== Segment start ==
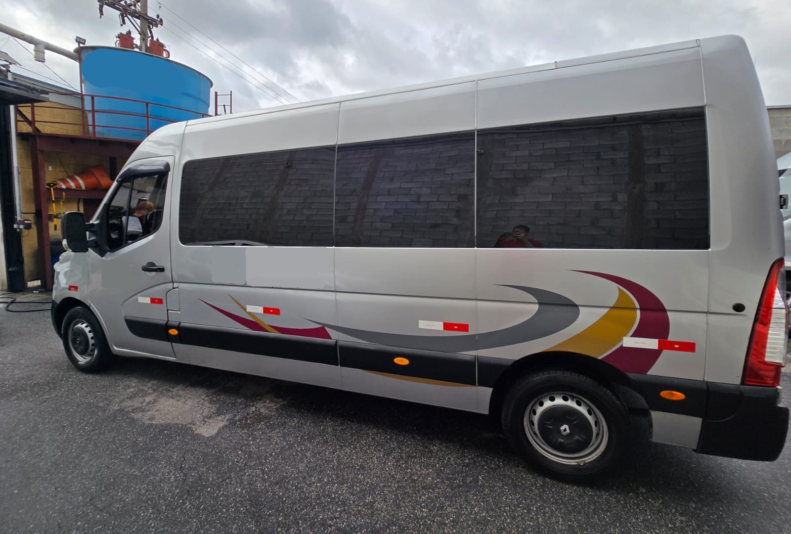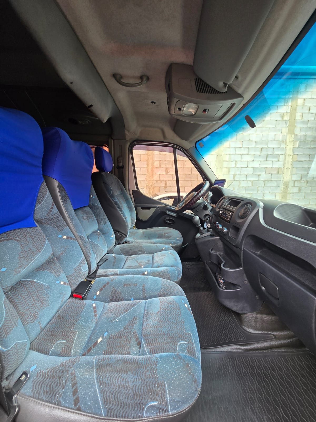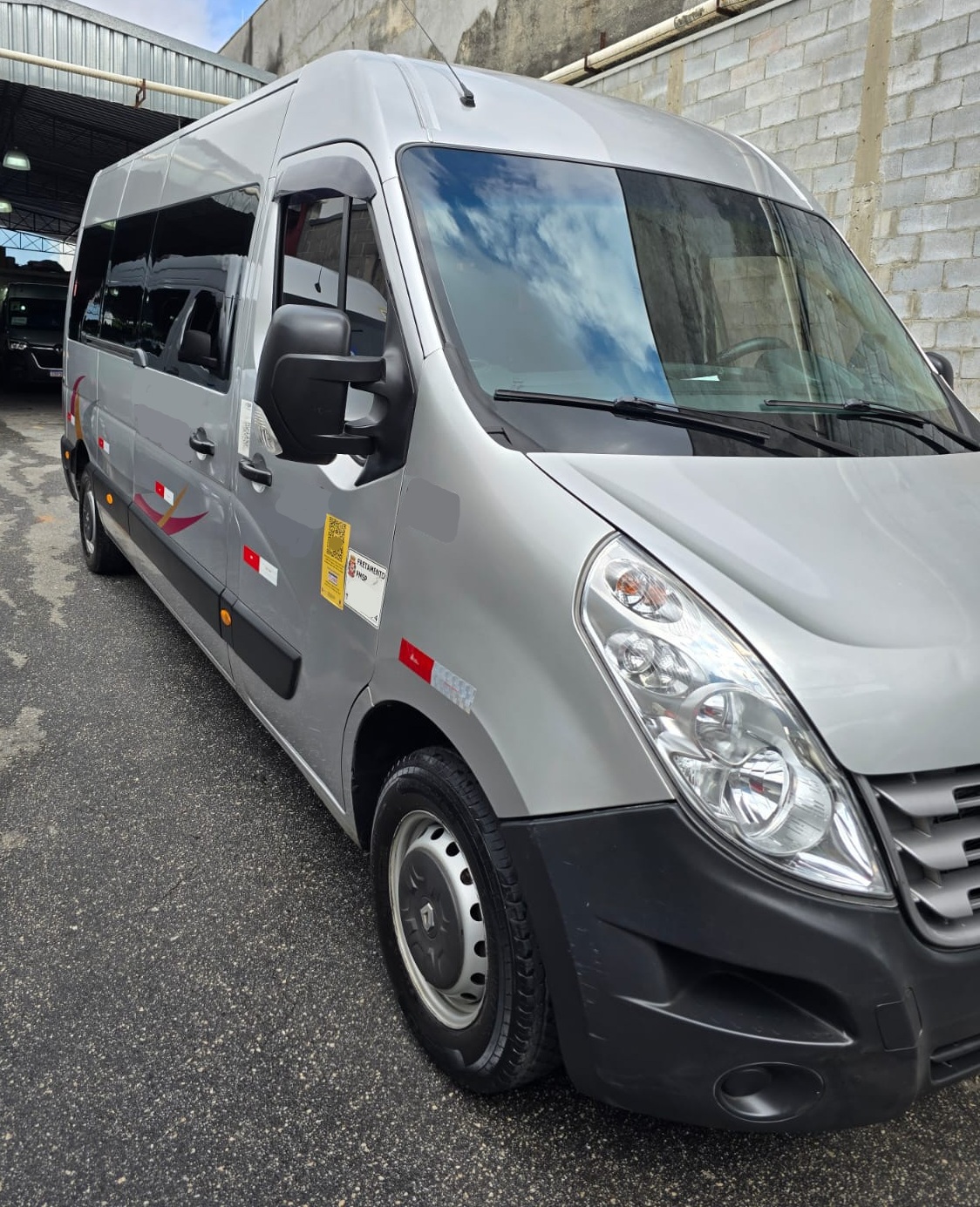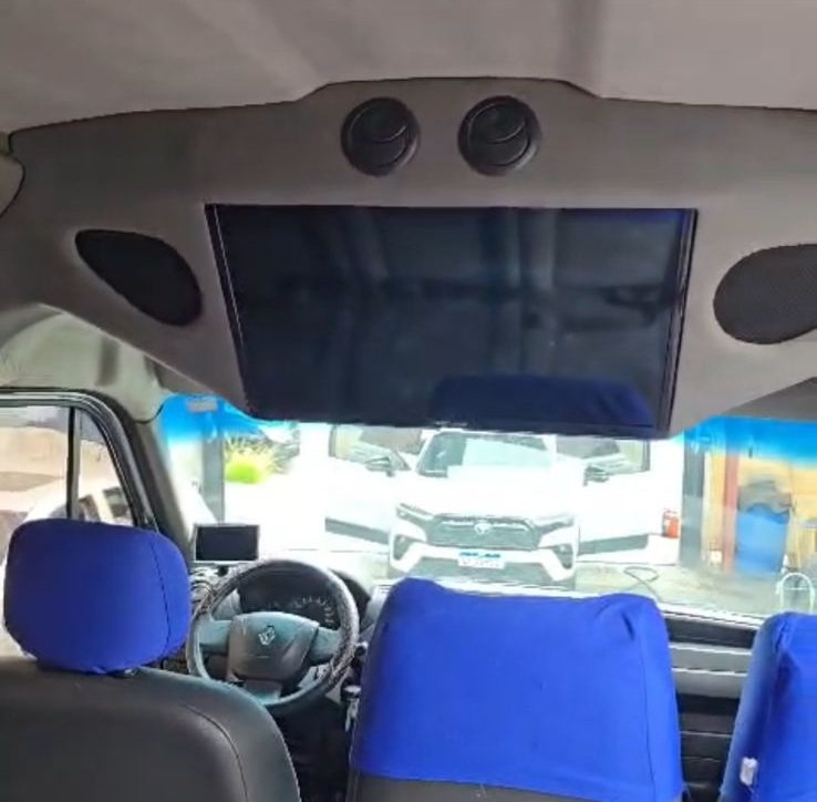 Van Renault Master Executiva equipada com 16 poltronas reclináveis em tecido, ar-condicionado original com distribuição lateral e funcionamento perfeito, vidros e retrovisores elétricos nas portas dianteiras, som ambiente e monitor de TV LCD.
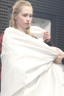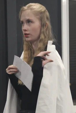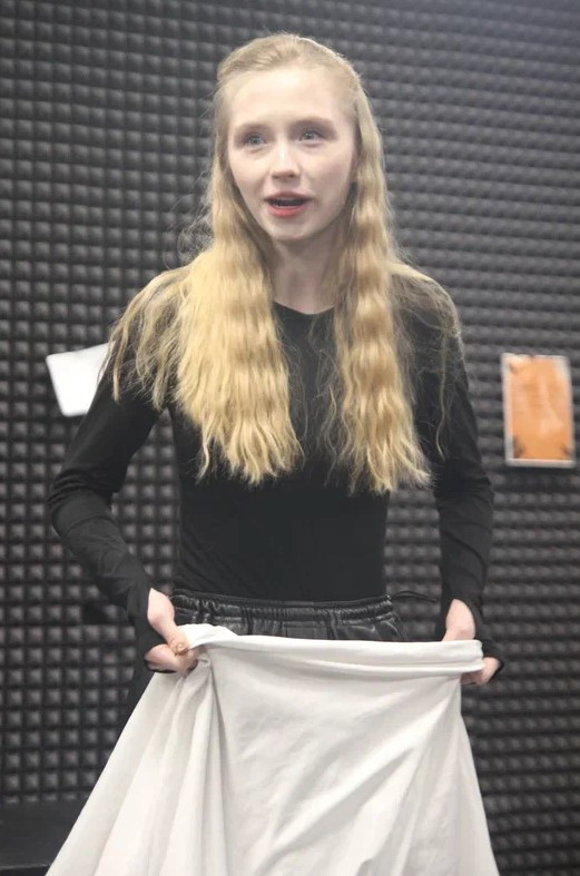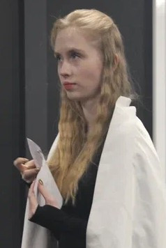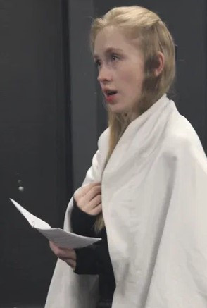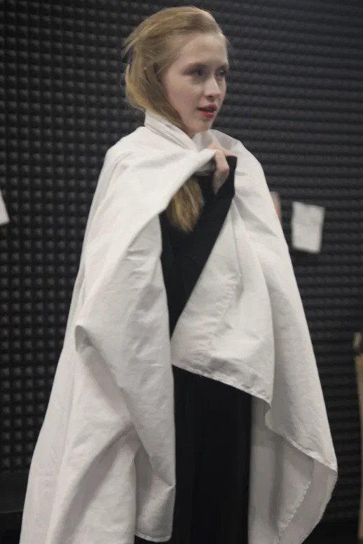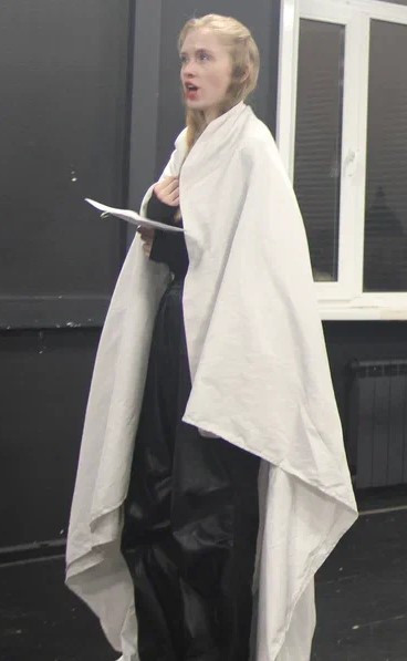 Мой номер на экзамене по актерскому мастерству был посвящен Жанне Д’Арк по пьесе “Жаворонок” Жана Ануя. Я читала ее монолог перед сожжением на костре и последнее слово в адрес врагов, палачей и общества в целом. Выступала постановщиком номера и помогала режиссеру.
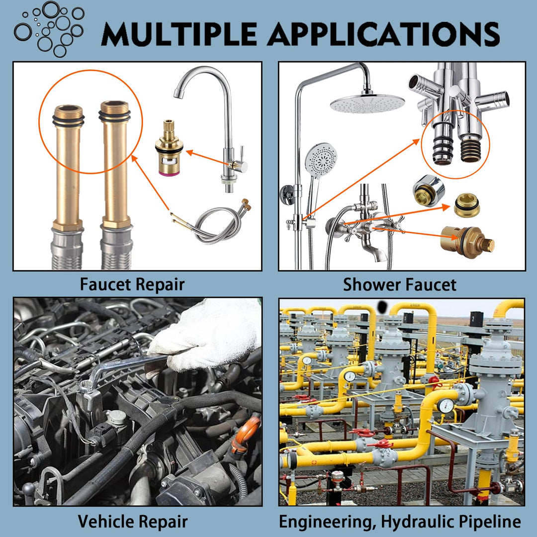 - {O RING APPLICATION}: Rubber o rings kit used for plumbing faucet repair,pressure washer hose,machinery bearings, pumps, boats, oils, gas control valve,air or Gas water fitting leak seal
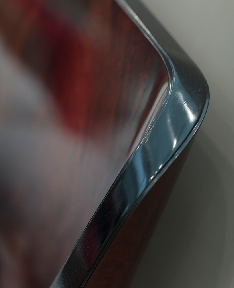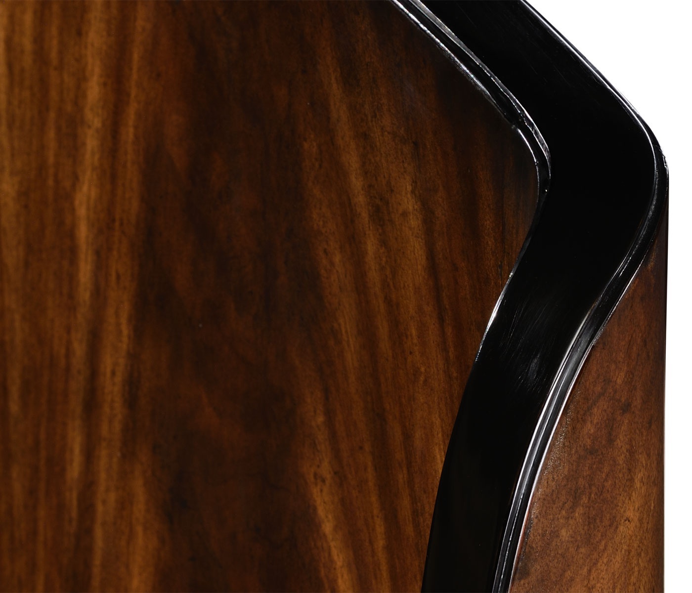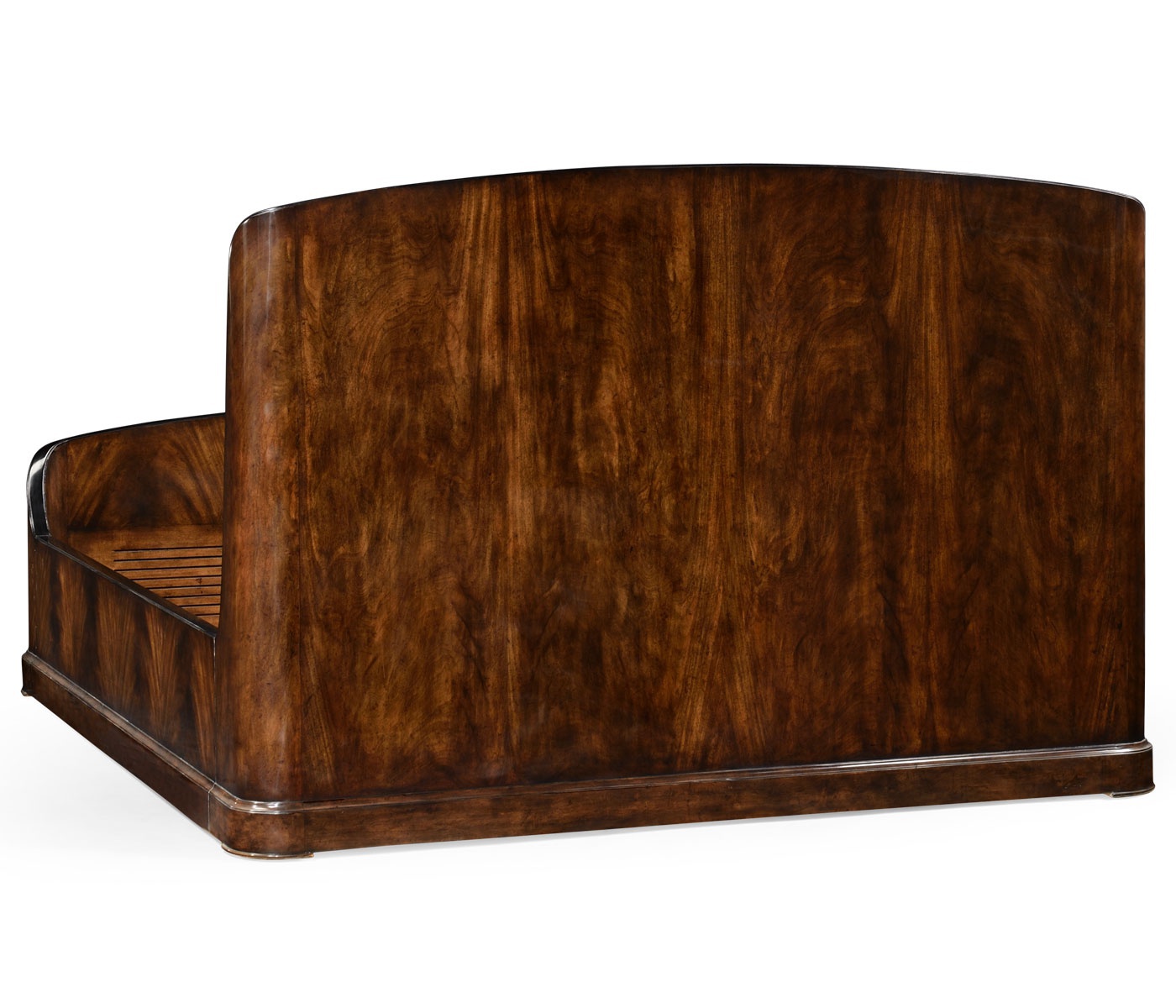 The bed is UK King/American Queen from UK manufacturer Jonathan Charles. The model is presented in two versions UK King - double bed and a double compact - UK Queen. The bed is made on a frame of solid wood veneer mahogany. Model with a high curved headboard and foot based on the age of Biedermeier and executed in the Baroque style.
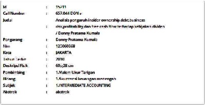 Kumala, Donny Pratama (2010) Analisis pengaruh insider ownership,debt,business risk,profitability,dan free cash flow terhadap kebijakan dividen. Informasi Detail Skripsi/Thesis. p. 60. ISSN 125060368
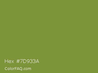 Hex #7d933a Color is a normal lime color and the nearest color is Palm Leaf #6f9940. Hex code #7d933a and RGB value is rgb(125,147,58). In RGB color space, this color is composed of 49% red, 58% green, 23% blue, In CMYK color space, this color is composed of 15% cyan, 0% magenta, 61% yellow , 42% black , In HSL color space, this color has a hue angle of 75° , 43% saturation and 40% lightness.
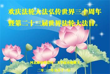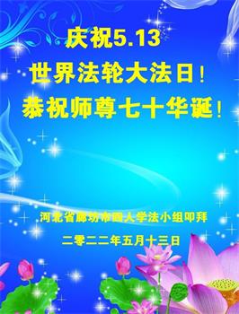 二十三年的世界法轮大法日 我期盼师尊早日来中国大陆 期盼世界神韵能来大陆演出 在师尊七十华诞的美好日子 弟子恭祝伟大师尊生日快乐! 感谢师尊对弟子的时时保护 感恩师尊给弟子的慈悲苦度 河北省廊坊市管道局一大法弟子叩拜 二零二二年五月十三日 河北廊坊一大法弟子恭祝慈悲伟大的师尊生日快乐!庆祝世界法轮大法日!
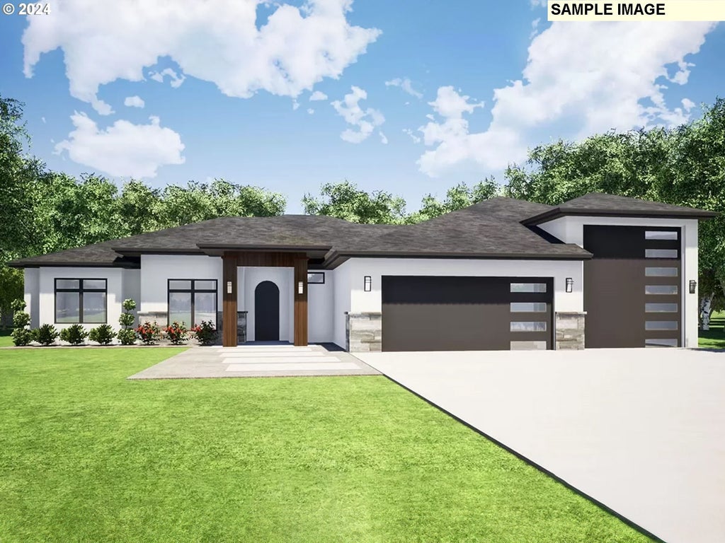 Custom contemporary ranch home plan boasts central, open living space that separates the primary bedroom suite from the secondary bedrooms for additional privacy. Large windows line the rear wall of the great room and dining area, offering views onto the rear patio. The island kitchen provides an easy flow, along with plenty of workspace and a walk-in pantry. The primary bedroom delivers a boxed-bay window as a sitting nook, access to the back patio, and a pass-thru closet that connects to the laundry room. Bedrooms 2 and 3 share a Jack-and-Jill bath along the left side of the home, and a home office near the entry includes a closet. The 3-car garage includes an oversized bay for RV or larger vehicles and a mudroom just inside creates the perfect drop zone after a long day. Great opportunity to build your dream home in prime Ridgefield location.
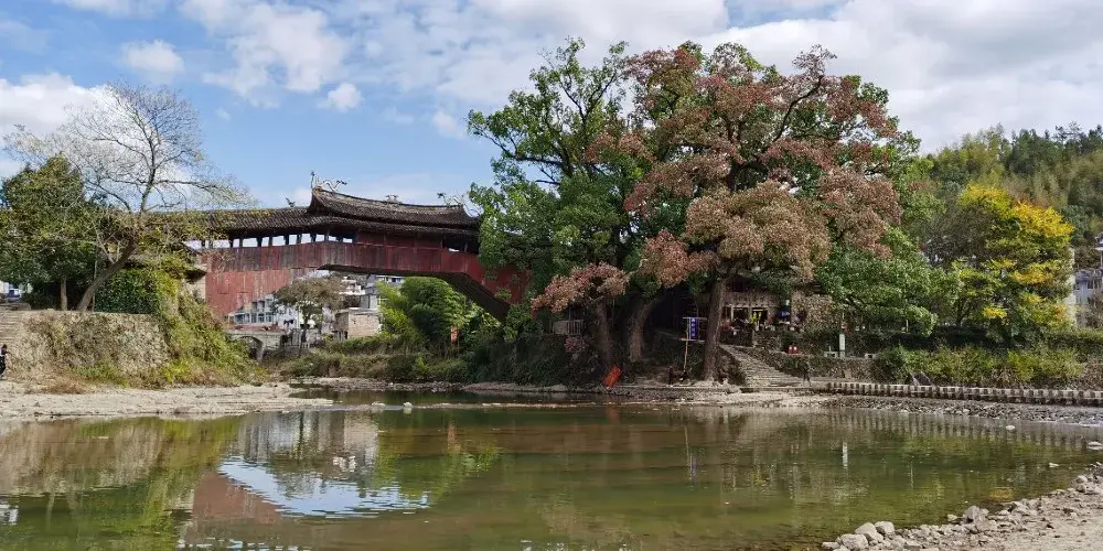 則評價南陽橋又稱玉巖橋,位於泗溪鎮巖頭村。此橋為伸臂梁木平橋,重檐歇山頂,建於同治九年。南陽橋的構造特點是在溪中建石墩,然後在石墩上疊架木樑,向左右平衡伸展。這種雙向伸臂木樑橋可以增加木樑的承託作用,同時還可使木柱在縱向有一定的穩定性。浙江山區很多木橋都採用這種構造。
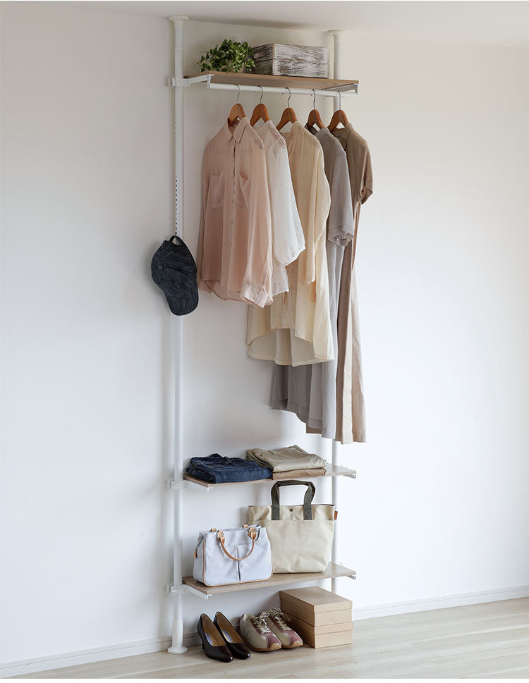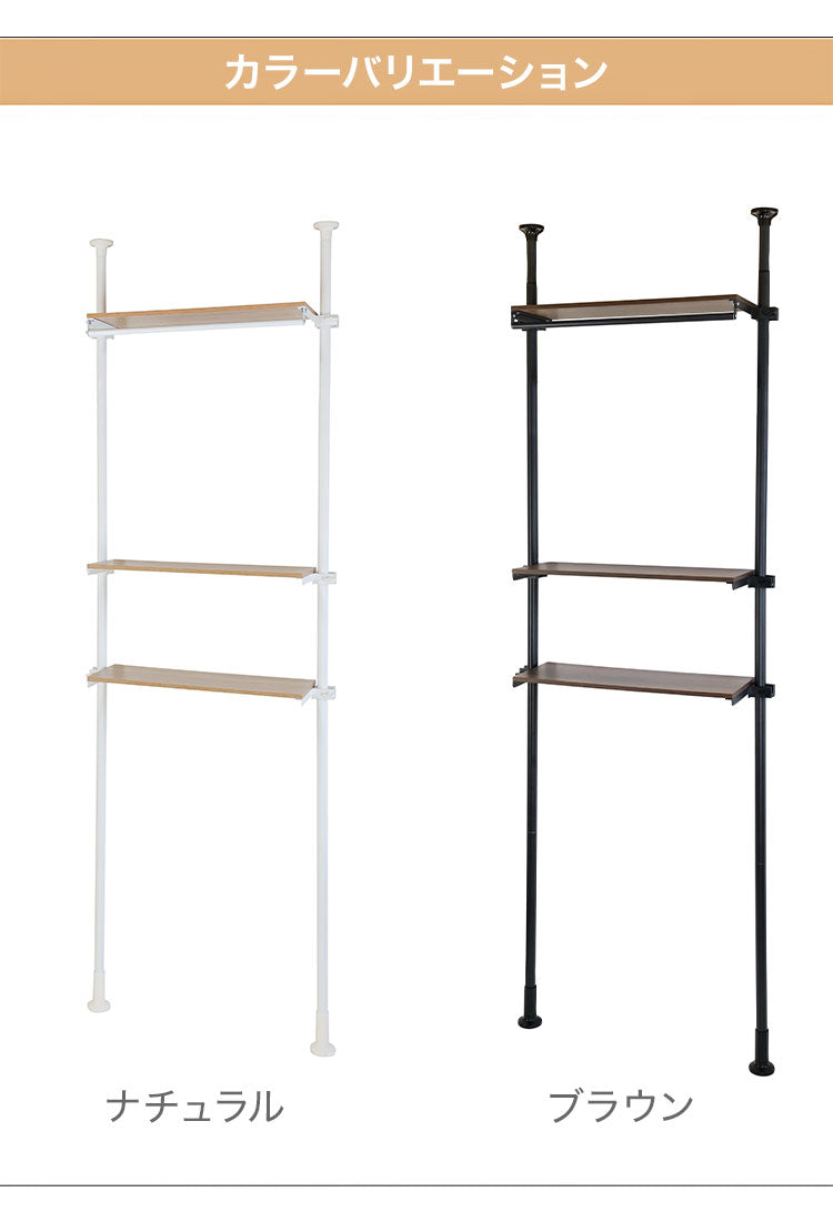 天井まで有効に使える!極太パイプの突っ張りランドリーラック3段
== Segment end ==
Your answer should be the exact lines above from the one containing "The bed is UK" through the one containing "二十三年的世界法轮大法日 我期盼师尊早日来中国大陆 期盼世界神韵能来大陆演出", with both end lines kept and the pictures removed, please.

## OUTPUT OF THE EXERCISE
 The bed is UK King/American Queen from UK manufacturer Jonathan Charles. The model is presented in two versions UK King - double bed and a double compact - UK Queen. The bed is made on a frame of solid wood veneer mahogany. Model with a high curved headboard and foot based on the age of Biedermeier and executed in the Baroque style.
 Kumala, Donny Pratama (2010) Analisis pengaruh insider ownership,debt,business risk,profitability,dan free cash flow terhadap kebijakan dividen. Informasi Detail Skripsi/Thesis. p. 60. ISSN 125060368
 Hex #7d933a Color is a normal lime color and the nearest color is Palm Leaf #6f9940. Hex code #7d933a and RGB value is rgb(125,147,58). In RGB color space, this color is composed of 49% red, 58% green, 23% blue, In CMYK color space, this color is composed of 15% cyan, 0% magenta, 61% yellow , 42% black , In HSL color space, this color has a hue angle of 75° , 43% saturation and 40% lightness.
 二十三年的世界法轮大法日 我期盼师尊早日来中国大陆 期盼世界神韵能来大陆演出 在师尊七十华诞的美好日子 弟子恭祝伟大师尊生日快乐! 感谢师尊对弟子的时时保护 感恩师尊给弟子的慈悲苦度 河北省廊坊市管道局一大法弟子叩拜 二零二二年五月十三日 河北廊坊一大法弟子恭祝慈悲伟大的师尊生日快乐!庆祝世界法轮大法日!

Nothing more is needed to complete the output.